# CaIPERS Down the Crapper



## RedLion (Sep 23, 2015)

CA public employee retirements system is about insolvent. The commies have wrecked it.



> The largest public pension fund in the United States is the California Public Employees Retirement System (CalPERS) for civil servants. California is in a state of very serious insolvency. We strongly advise our clients to get out before it is too late. I have been warning that CalPERS was on the verge of insolvency.


Get a load of the balls of these commies and what they have been discussing....



> they were secretly *lobbying Congress to seize all 401K private pensions and hand it to them to be managed.* Mingling private money with the public would enable them to hold off insolvency a bit longer. Of course, CalPERS cannot manage the money they do have so why should anyone expect them to score a different performance with private money? Indeed, they would just rob private citizens to pay the pensions of state employees and politicians.


https://www.armstrongeconomics.com/world-news/pension-crisis/calpers-on-the-brink-of-insolvency/


----------



## Gunn (Jan 1, 2016)

The gall of some people. I am so sick of that state. We need to kick their a$$es out of the union before it is too late.


----------



## RedLion (Sep 23, 2015)

Gunn said:


> The gall of some people. I am so sick of that state. We need to kick their a$$es out of the union before it is too late.


I know that if I lived in CA and they somehow took 401K's.....I would no longer sit and wait, but go Paul Kersey on those responsible.


----------



## Sasquatch (Dec 12, 2014)

Hey @Denton get that bunk bed ready. When CalPer's crashes imma need a place to stay.

Sent from my SM-G900V using Tapatalk


----------



## Denton (Sep 18, 2012)

Sasquatch said:


> Hey @Denton get that bunk bed ready. When CalPer's crashes imma need a place to stay.
> 
> Sent from my SM-G900V using Tapatalk


Already ready.


----------



## hwminich (Mar 5, 2018)

Seizing the 401Ks may not be that far fetched!

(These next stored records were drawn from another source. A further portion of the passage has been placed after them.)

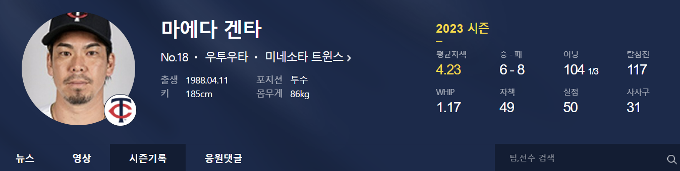 마에다는 2016년 다저스를 통해 빅리그에 입성한 뒤 그해 16승 11패 평균자책점 3.48의 성적을 올리며 MLB에 안착했습니다. 이후 2019년까지 안정적으로 다저스 선발 로테이션의 한축을 맡으며 전성기를 보냈으며 2020년 미네소타 트윈스로 이적한 뒤엔 팔꿈치 부상 등으로 다소 부진했습니다. 팔꿈치 인대 접합 수술을 받아 2022시즌은 통째로 날리기도 했습니다. 마에다는 2023시즌 복귀해 재기에 보란듯이 성공했고 21경기에서 6승 8패 평균자책점 4.23의 성적을 거둔 뒤 자유계약선수(FA) 자격을 얻었습니다. MLB닷컴은 "마에다는 2020년과 수술 여파로 한 해를 쉰 2022년을 제외하면 MLB 데뷔 후 한 시즌도 빠짐없이 100이닝 이상을 던졌다"라며 "여전히 경쟁력 있는 투수"라고 평가했습니다.
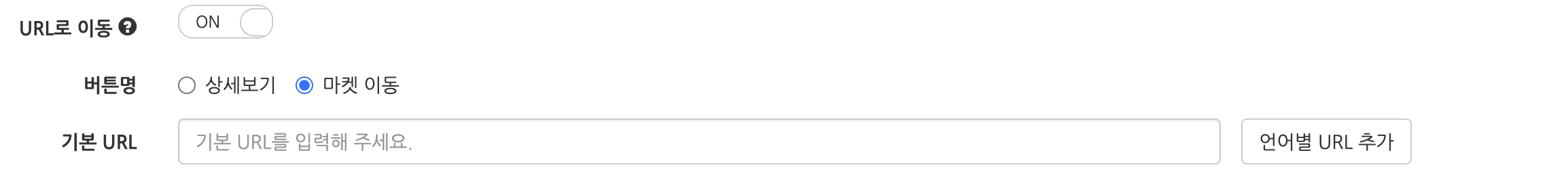 - URL로 이동(상세보기): 웹 브라우저를 통해 입력한 URL로 연결됩니다. 마켓이나 카페 URL을 입력할 수 있습니다.
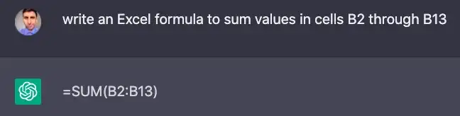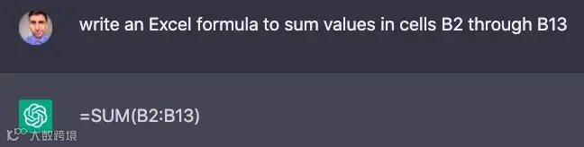 在这种情况下(当我们想要对一些数据进行求和),我们只需要告诉 ChatGPT 要对哪些数据求和,它就会输出一个已经代入实际参数的公式。例如:
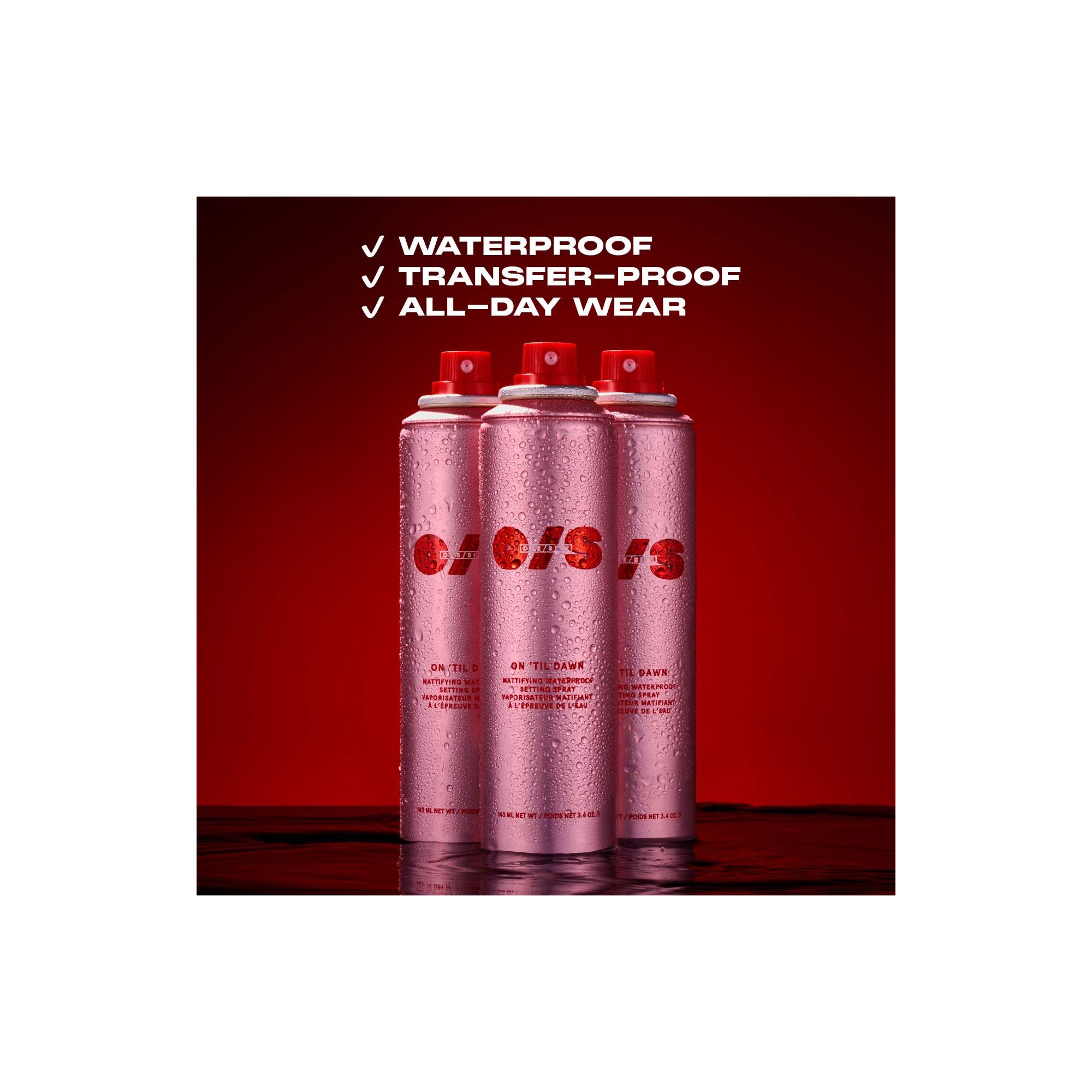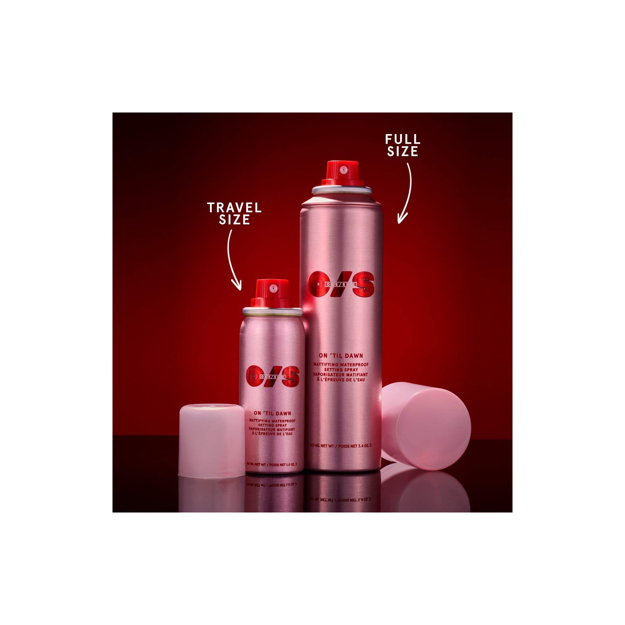 One/Size By Patrick Starrr On 'Til Dawn Mattifying Waterproof Setting Spray est une brume fixatrice matifiante waterproof qui reste imperméable jusqu'à 16 heures, doté d’une formule qui ne transfère pas, avec extrait de thé vert et hamamélis absorbant l’huile. Découvrez le best-seller viral : ce spray fixateur ultra-léger et matifiant offre une formule non collante, résistante à l’eau, à la transpiration et aux frottements. Sa formule non comédogène, testée sous contrôle dermatologique, n’obstrue pas les pores, tandis qu’un mélange de polymères fins et respirants fixe le maquillage pour une tenue de niveau supérieur jusqu’à 16 heures. L’extrait de thé vert aide à resserrer les pores. L’hamamélis absorbe l’excès de sébum pour un fini mat et flouté.

Remember Cyprus!


----------



## Camel923 (Aug 13, 2014)

Could also be the plan in other States as well as the Feds.


----------



## paraquack (Mar 1, 2013)

You mean like ILLinois???
Now you know why I evac'd 4 years ago.


----------



## Gunn (Jan 1, 2016)

Maybe I am stupid. But, I can't even come to some far fetched logic where anyone could even think this is legal. Just because they mismanage their peoples retirement they think it is OK to mismanage someone not even associated with them? That sounds about like something Moonbeam came up with when they were passing around a "Bowl".


----------



## soyer38301 (Jul 27, 2017)

paraquack said:


> You mean like ILLinois???
> Now you know why I evac'd 4 years ago.


Wish I could evac...but stuck here at the moment. Just trying to make the best of it...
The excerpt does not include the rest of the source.